Steigerwald, a longtime journalist, embarked on the trip after leaving newspapers behind just in time for the 50th anniversary of Steinbeck's sojourn. At first he thought it would be a fun way to see what was out there, discover how Americans were dealing with the Great Recession and drum up some publicity along the way in the hopes of publishing a book.
And he stumbled onto a literary shocker: "Travels with Charley" turns out not to be the nonfiction classic Steinbeck claimed and scholars have accepted. In other words, like his best-loved works "The Grapes of Wrath" and "Of Mice and Men," "Charley" is, largely, a work of fiction.
The author didn't set out to debunk or dethrone Steinbeck. He's not an obsessed fan or a legend killer. But, he's a good journalist. He was observant. He noticed dates didn't mesh. He discovered, for example, while in the middle of nowhere North Dakota, that there's no way Steinbeck ran into a Shakespearean actor. He read the original manuscript, housed in a museum in midtown Manhattan, and discovered some colorful and creative editing.
I confess I haven't read "Travels with Charley," although it has moved to the top of my list. But, frankly, I don't think this discovery is too shocking. Truman Capote, who is credited for "inventing" the nonfiction novel with "In Cold Blood," fabricated that book's ending and fudged a few other facts along the way. Once learning that, it didn't take anything away from what I consider to be a masterpiece. And, I suspect the same is the case with "Charley."
This is probably a bad thing for a journalist to say, but I've always liked the quote from "The Man Who Shot Liberty Valance" --
"When the legend becomes fact, print the legend."

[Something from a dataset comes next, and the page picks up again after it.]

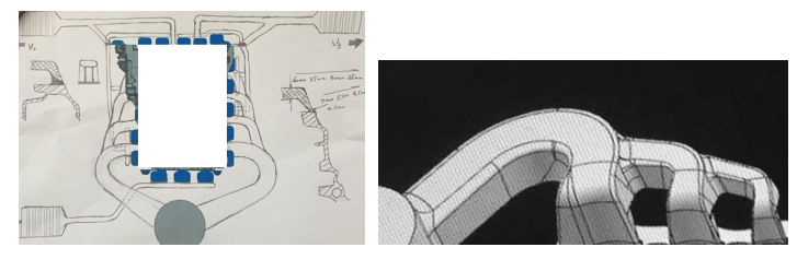 4.排氣及真空的設置: 1)排氣的設置:如前文所描述,雙側進料是鋁液從曲軸面往缸蓋面的單向填充,由于缸孔、水道、通風孔等的阻隔,雖然通過控制填充順序可以很大程度的優化排氣,但填充過程中在缸蓋面側仍會存在較為明顯的困氣情況,所以在設置真空排氣通道的時候需要覆蓋至少2/3的缸蓋面寬度,通過真空主動排氣將型腔中的氣體排出;

In other words, a good story is a good story. One wonders, though, why Steinbeck made the claim that "Charley" was nonfiction. It seems unnecessary. Course, he did win the Nobel Prize for Literature...
I mentioned earlier that reading this book rekindled a long-held dream. For more than a decade, I've wanted to hit the road, loaded with pads and pencils and passion and pursue people and places. Charles Kuralt is a hero; "Route 66" is a favorite TV series. Plus, I guess I have a decent dose of the great American trait of wanderlust.

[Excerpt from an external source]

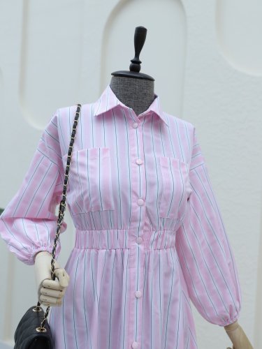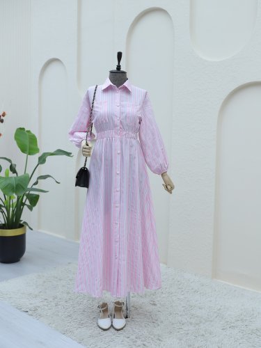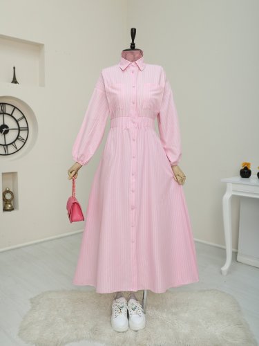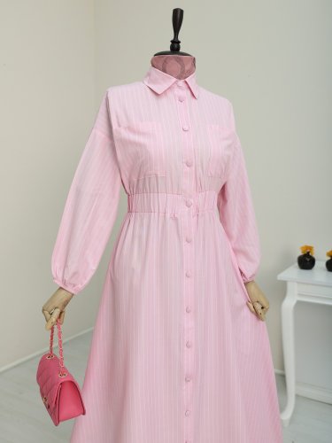 Önden Düğmeli Beli Lastikli Çizgili Elbise -Pembe

I love to drive, particularly along the backroads and byways. Often, when I travel to Atlanta or to see friends in Macon, Ga., I take Highway 411 and take my time, perking up when I pass small towns with local diners and main street theaters.
Alas, that dream is largely gone with the wind. No newspaper would pay for it now. I had just such a trip planned before gas prices and the Great Recession destroyed that dream.
I've been fortunate to visit 47 of 50 states. Sadly, most of those trips has been seen by interstate or by air. One of these days, maybe when the mortgage is a memory, I can afford to hit the "Blue Highways," flip a coin, pick a direction and scribble about what I see.
Steigerwald liked what he saw. People were friendly. Folks were making it (and then some) despite the sluggish 2010 economy. Despite its faults, America thrives.
Fiction or nonfiction aside, something tells me John Steinbeck would be pleased to hear that.